CRP 385C
Decoloniality means thinking critically about planning paradigms and assumptions, focusing on the ‘co-production’ of knowledge together with community members, and assessing the role of institutions of all sorts in terms of their role in reproducing dominant knowledge formations. The work to decolonize planning must consider the ways in which Western and Cartesian forms of knowledge production have been centered in planning, rendering it a field beholden to technical rationality that implicitly or explicitly devalues and forecloses on alternative and “other” planning approaches. This course will review approaches to planning that challenge these long-held assumptions about planning knowledge in order to foster decolonizing perspectives in the field. The course emerges from the understanding that informal communities along with their allies have always practiced planning, but in forms that have been invalidated through the hegemonic knowledge structures of the professionalized field of planning. This course combines readings and discussions in a seminar format with training and practice in planning research and practice methods with decolonizing potentials.

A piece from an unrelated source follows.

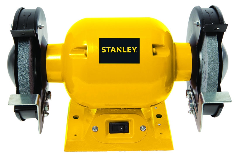 Двухдисковый точильный станок STGB3715 от Stanley, предназначен для операций ручного шлифования, таких как заточка ручного инструмента, удаление излишков металла, а также выравнивание металлических поверхностей, посредством грубой и окончательной шлифовки с использованием шлифовальных дисков различного назначения и зернистости. Модель оборудована асинхронным электродвигателем мощностью 383 Вт, который разгоняет два шлифовальных диска диаметром 152 мм и толщиной 16 мм до скорости 3450 оборотов в минуту. Первый из дисков, для чернового шлифования с крупной зернистостью, и второй, для чистового шлифования с мелкой зернистостью закрыты с боков защитными кожухами. В комплекте со станком идут два искрозащитных экрана и две опоры для заготовки, что делает работу с точильным станком.

We will read texts from authors in planning but also social theory, anthropology, geography, and urban studies, including authors such as Tanja Winkler (University of Cape Town, South Africa) and Catalina Ortiz (University College London, UK). Since these are not new concerns in planning, the readings will also include foundational authors such as Paolo Freire, and we will draw connections to other areas of inquiry in planning, such as abolitionist planning and insurgent planning. We will also pursue readings and hands-on practice in potentially decolonizing methods such as oral histories, testimonials, photovoice, ESRI Story Maps, indigenous video, and participatory mapping. We will deploy these methods in part through co-productive research with residents in Dove Springs, Austin, who are partners in a project to develop a community-based park in the community. We will build on a Practicum project from 2020-21, which has now been funded by the City of Austin, and work with residents to develop interpretive signage, murals, and other representations to reflect community histories.